Applied Power Analysis for the Behavioral Sciences

About the book

This practical guide to conducting statistical power analyses was written for students and researchers with limited quantitative backgrounds.

This practical guide to conducting statistical power analyses was written for students and researchers with limited quantitative backgrounds. The book focuses on conducting power analyzes using SPSS. The author provides detailed calculations and comments on what goes where and how it got there. Readers will appreciate the detailed coverage of topics that are not well described in competing books such as estimating effect sizes, power for complex designs, as well as common research designs such as multifactor ANOVA and multiple regression. Practical issues such as how to increase power without increasing sample size, how to report findings and run a sample analyses, how to derive effect size expectations and other statistical values, and how to support null hypotheses, are addressed throughout. Unlike competing texts, this book focuses on the statistical and methodological aspects of the analyses.

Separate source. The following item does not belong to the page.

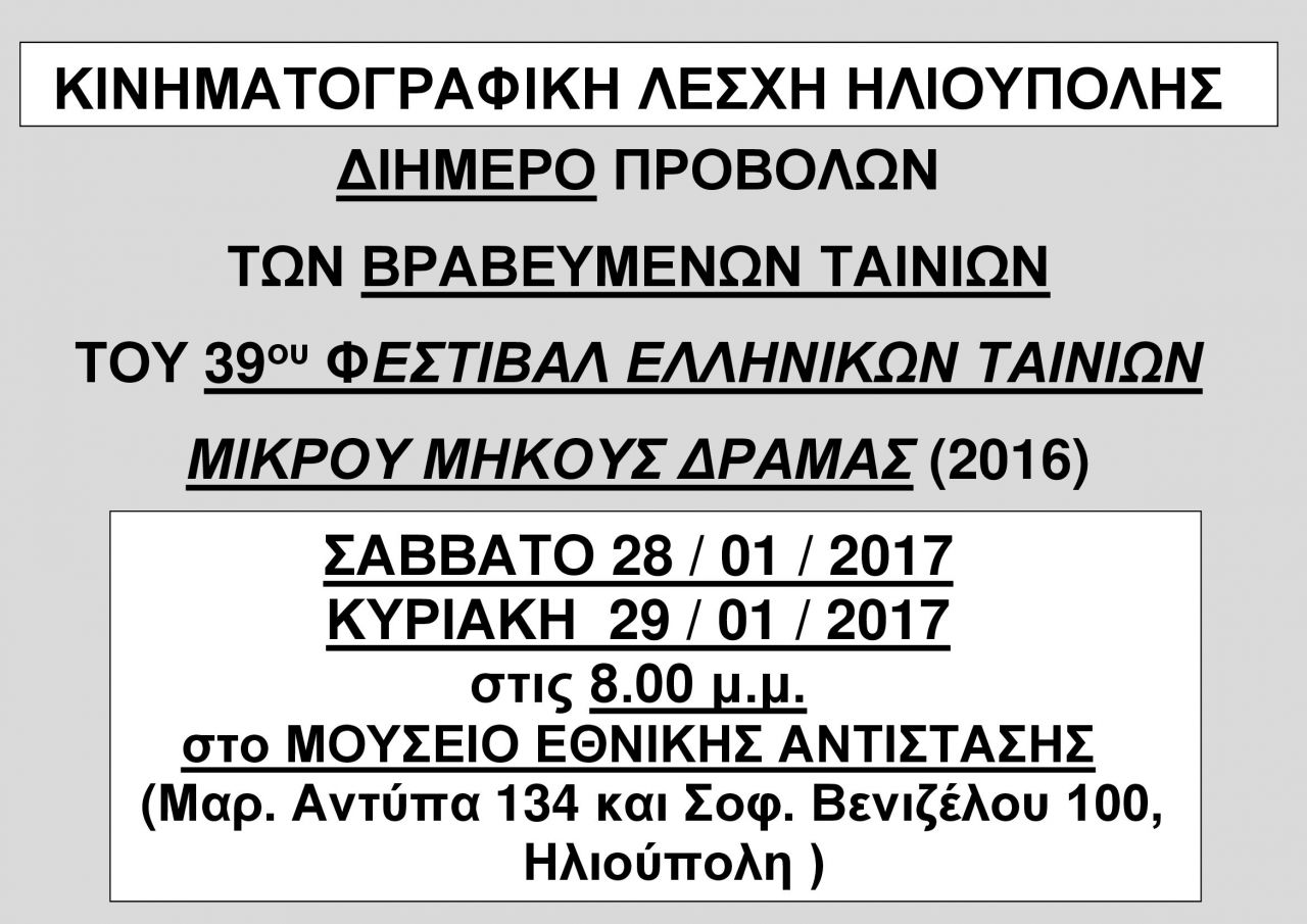 ΚΛΗ - ΤΟ ΦΕΣΤΙΒΑΛ ΔΡΑΜΑΣ ΤΑΞΙΔΕΥΕΙ ΣΤΗΝ ΗΛΙΟΥΠΟΛΗ - ΣΑΒΒΑΤΟ 28/1 ΚΑΙ ΚΥΡΙΑΚΗ 29/1/2017, 8:00 μ.μ., ΣΤΟ ΜΟΥΣΕΙΟ ΕΘΝΙΚΗΣ ΑΝΤΙΣΤΑΣΗΣ

The book shows how to perform analyses using software applications rather than complex hand calculations. To facilitate application and usability, ready-to-use SPSS tools for conducting analyses are included. SPSS syntax to perform most calculations is available on the book's website. Each SPSS syntax protocol included requires only minor modification to complete the analyses. The syntax is accompanied by detailed annotations that spell out what readers need to change to conduct analyses. As such, the text reviews both power analysis techniques and tools for conducting analyzes. Numerous examples enhance accessibility by demonstrating specific issues that must be addressed at all stages of the power analysis. Chapter summaries and key statistics sections also aid in understanding the material.

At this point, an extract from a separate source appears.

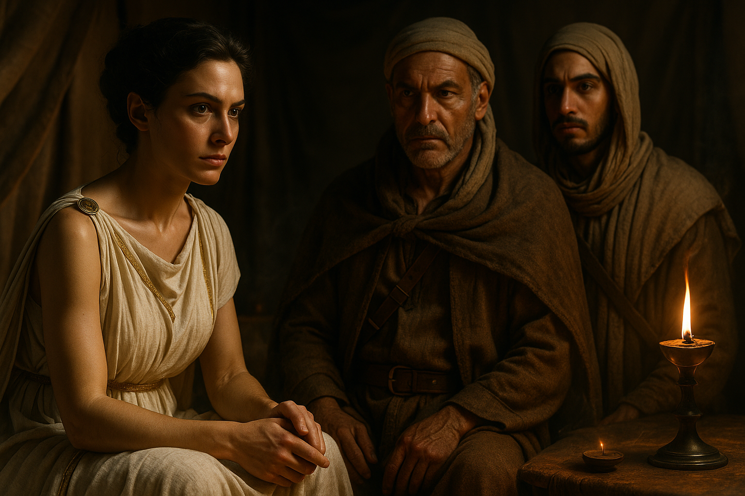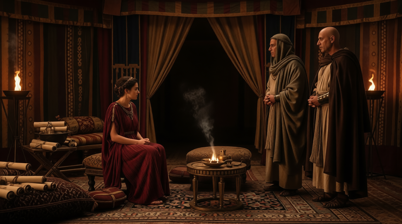 В то время как на берегу кипела работа, в глубине лагеря, в походной палатке Таис Афинской, пахнущей дорогими благовониями и кожей, царила иная, тайная атмосфера. Хозяйка, завернувшись в простой хитон, стоивший как усадьба под её родным городом, ждала. Её пальцы нервно перебирали складки ткани. «Хранители» действовали на ощупь, их сеть в Азии была тонкой паутиной, и передать сообщение нужным людям среди египетских жрецов во время войны было непросто. И то, что они откликнулись, уже было знаком.
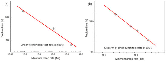 By using the above formula, the minimum deflection rate, , can be related to the minimum creep rate, ; thus, the dependence of the rupture time on the minimum creep rate (or converted creep rate for SP deflection) for the uniaxial test and small punch test at 620 °C can be plotted in Figure 5. It can be seen that there is a good linear relationship in the double logarithmic coordinates between rupture time and minimum creep rate for both sets of data, meaning that the creep data fit in well with the Monkman–Grant relation both in the uniaxial creep test and in the small punch creep test.

The book provides three approaches to calculating power-estimation of power, hand calculations with SPSS to calculate power, and the use of SPSS syntax to calculate power. All of the SPSS 17.0 (PASW 17.0) syntax files presented in the book were tested against results produced by several other commercial and freeware programs. Chapter 1 reviews significance testing and introduces power. Chapters 2 through 9 cover power analysis strategies for a variety of common designs. Precision analysis for confidence intervals around mean difference, correlations, and effect sizes is the focus of chapter 10. The book concludes with a review of how to report power analyses, freeware and commercial software for power analyses, and how to increase power without increasing sample size. Chapters focusing on simpler analyses such as t-tests present detailed formulae and calculation examples. Chapters focusing on more complex topics present only computer-based analyses.

Intended as a supplementary text for graduate-level research methods, experimental design, quasi-experimental methods, psychometrics, statistics, advanced statistics, and/or multivariate statistics taught in the behavioral, social, biological, and medical sciences, researchers in these fields will also appreciate this book's practical emphasis. A prerequisite of introductory statistics is recommended.